_Dataset content_.
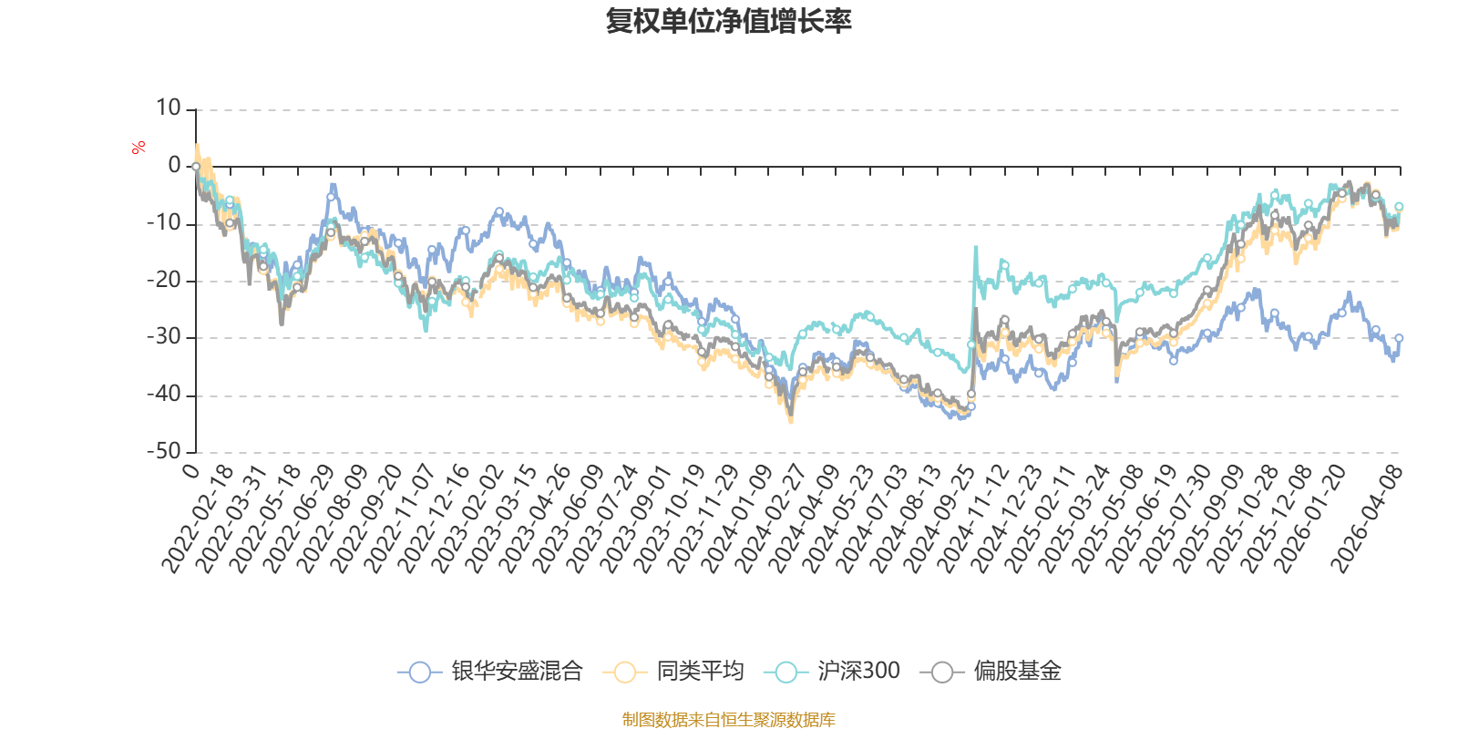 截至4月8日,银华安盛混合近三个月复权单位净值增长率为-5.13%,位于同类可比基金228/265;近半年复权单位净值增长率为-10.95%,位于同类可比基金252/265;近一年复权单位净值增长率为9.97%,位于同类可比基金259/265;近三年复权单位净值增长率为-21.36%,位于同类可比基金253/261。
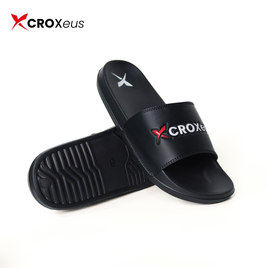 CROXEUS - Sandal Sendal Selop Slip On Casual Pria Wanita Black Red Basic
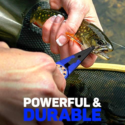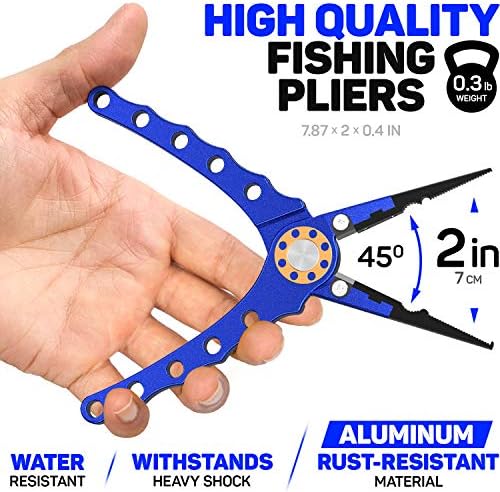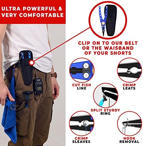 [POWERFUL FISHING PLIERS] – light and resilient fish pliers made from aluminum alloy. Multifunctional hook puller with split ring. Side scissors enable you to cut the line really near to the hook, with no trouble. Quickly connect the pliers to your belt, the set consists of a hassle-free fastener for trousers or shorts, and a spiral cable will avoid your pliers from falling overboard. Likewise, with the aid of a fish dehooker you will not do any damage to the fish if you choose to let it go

_What the exercise asks_. Only the lines from the one with "CROXEUS - Sandal" through the last line above belong in the answer. Reproduce them exactly, without the pictures.

_Result of the task_.
 CROXEUS - Sandal Sendal Selop Slip On Casual Pria Wanita Black Red Basic
 [POWERFUL FISHING PLIERS] – light and resilient fish pliers made from aluminum alloy. Multifunctional hook puller with split ring. Side scissors enable you to cut the line really near to the hook, with no trouble. Quickly connect the pliers to your belt, the set consists of a hassle-free fastener for trousers or shorts, and a spiral cable will avoid your pliers from falling overboard. Likewise, with the aid of a fish dehooker you will not do any damage to the fish if you choose to let it go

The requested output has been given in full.